This is the 9th day of my participation in the August Wen Challenge.More challenges in August
ElasticSearch overview
ElasticSearch (es for short) is an open source, highly extensible, distributed full text search engine that can store and retrieve data in near real time. ; Its scalability is very good, can be extended to hundreds of servers, processing PB level (big data era) of data. Es is also developed in JAVA and uses Lucene as the core for all indexing and search functions, but it aims to hide the complexity of Lucene with a simple RESTful API to make full-text search easy.

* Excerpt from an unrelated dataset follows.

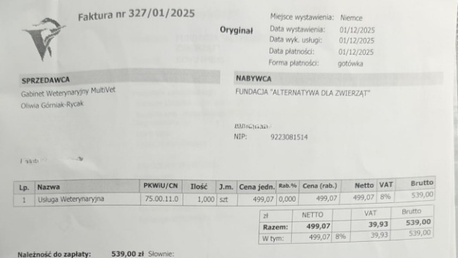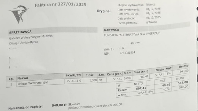 Leczenie Kovu kosztowało już ponad 10 000 zł z faktur, które dołączyliśmy tutaj do zbiórki. A to tylko te większe koszty, bo jeszcze jedzenie i suplementy... Pomóżcie nam opłacić te koszty, prosimy! :(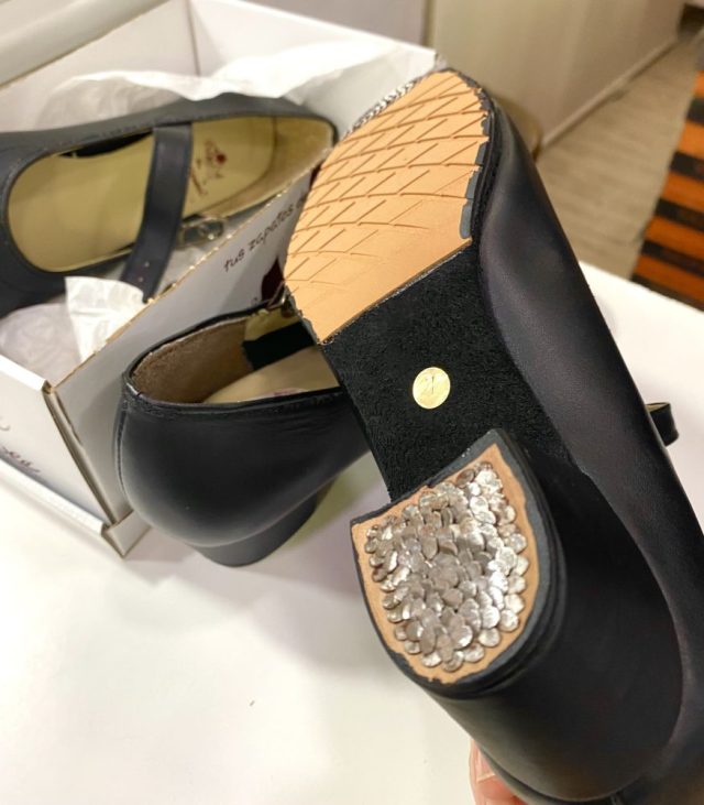 これでダンス教室へも顔を出せそう。リハビリ中だけど、そうっとなら踊れるはず。フラメンコ靴は音が出るように、かかとやつま先に「釘」が打ち込まれている。

ElasticSearch and Solr comparison
2. Solr has a significant advantage over ElasticSearch due to IO blocking in real-time index creation. 3. ElasticSearch doesn’t change significantly. 4, Es is pretty easy to install, Solr is a bit more complicated to install. 5, Slor uses Zookeeper for distributed management, and ElasticSearch comes with distributed coordination. ElasticSearch supports JSON file format, XML file format, CVS file format, and Sorl file format. For example, the graphical interface needs Kibana friendly support 8, Solr query fast, but the update index is slow (insertion and deletion is slow) for e-commerce and other queries more applications ES build index block (query slow) that is, real-time query block, for Facebook sina and other searches Solr is a powerful solution for traditional search applications, ElasticSearch, however, uses newer operations. Solr is mature and has a larger, more mature community of users, developers and contributors, whereas ElasticSearch has fewer developers and maintainers, updates are too fast, and learning costs are high.
Install ElasticSearch and Head
1. Download it from the official website Download your own version, I download is Windows after downloading
The directory structure
Bin: Options Java VM configuration file ElasticSearch. Yml ElasticSearch configuration file Lib Jar package logs Modules Plugins plugin ik
Click Start in bin
access
Install the head plugin
Download at github github.com/mobz/elasti…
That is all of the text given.